The flowchart and block diagrams in the Figures illustrate the architecture, functionality, and operation of possible implementations of systems, methods, and computer program products according to various embodiments of the present disclosed subject matter. In this regard, each block in the flowchart or block diagrams may represent a module, segment, or portion of instructions, which comprises one or more executable instructions for implementing the specified logical function(s). In some alternative implementations, the functions noted in the block may occur out of the order noted in the figures. For example, two blocks shown in succession may, in fact, be executed substantially concurrently, or the blocks may sometimes be executed in the reverse order, depending upon the functionality involved.
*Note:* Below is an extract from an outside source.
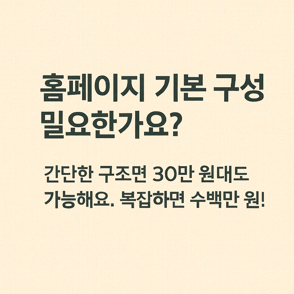 | 기업형 홈페이지 | 5~10페이지 구성, 회사 소개 및 서비스 안내 | 100만 ~ 300만 원 |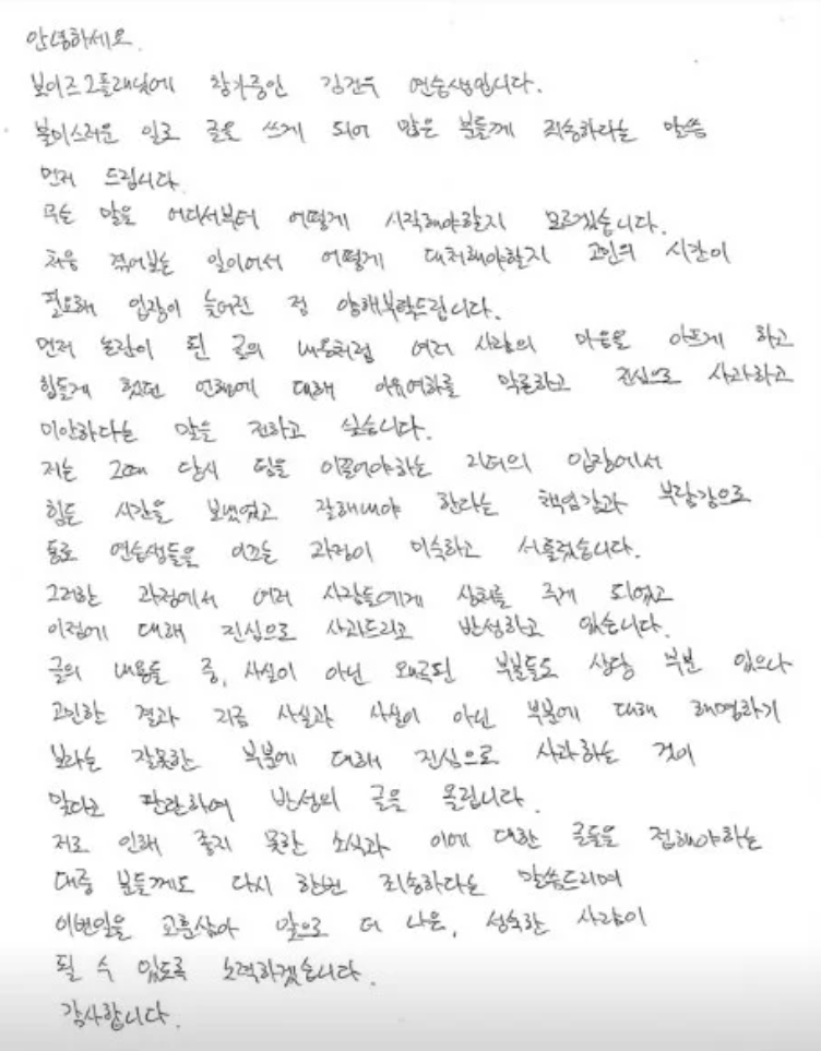 논란이 커지자 김건우는 자필 사과문을 통해 미숙한 리더십으로 상처를 준 점을 인정하고 고개를 숙였다. 다만 일부 주장에 대해서는 왜곡된 부분이 있다고 반박하며 억울함을 동시에 호소했다.

It will also be noted that each block of the block diagrams and/or flowchart illustration, and combinations of blocks in the block diagrams and/or flowchart illustration, can be implemented by special purpose hardware-based systems that perform the specified functions or acts or carry out combinations of special purpose hardware and computer instructions.

The terminology used herein is for the purpose of describing particular embodiments only and is not intended to be limiting of the disclosed subject matter. As used herein, the singular forms “a”, “an” and “the” are intended to include the plural forms as well, unless the context clearly indicates otherwise. It will be further understood that the terms “comprises” and/or “comprising,” when used in this specification, specify the presence of stated features, integers, steps, operations, elements, and/or components, but do not preclude the presence or addition of one or more other features, integers, steps, operations, elements, components, and/or groups thereof.

The corresponding structures, materials, acts, and equivalents of all means or step plus function elements in the claims below are intended to include any structure, material, or act for performing the function in combination with other claimed elements as specifically claimed. The description of the present disclosed subject matter has been presented for purposes of illustration and description but is not intended to be exhaustive or limited to the disclosed subject matter in the form disclosed. Many modifications and variations will be apparent to those of ordinary skill in the art without departing from the scope and spirit of the disclosed subject matter. The embodiment was chosen and described in order to best explain the principles of the disclosed subject matter and the practical application, and to enable others of ordinary skill in the art to understand the disclosed subject matter for various embodiments with various modifications as are suited to the particular use contemplated.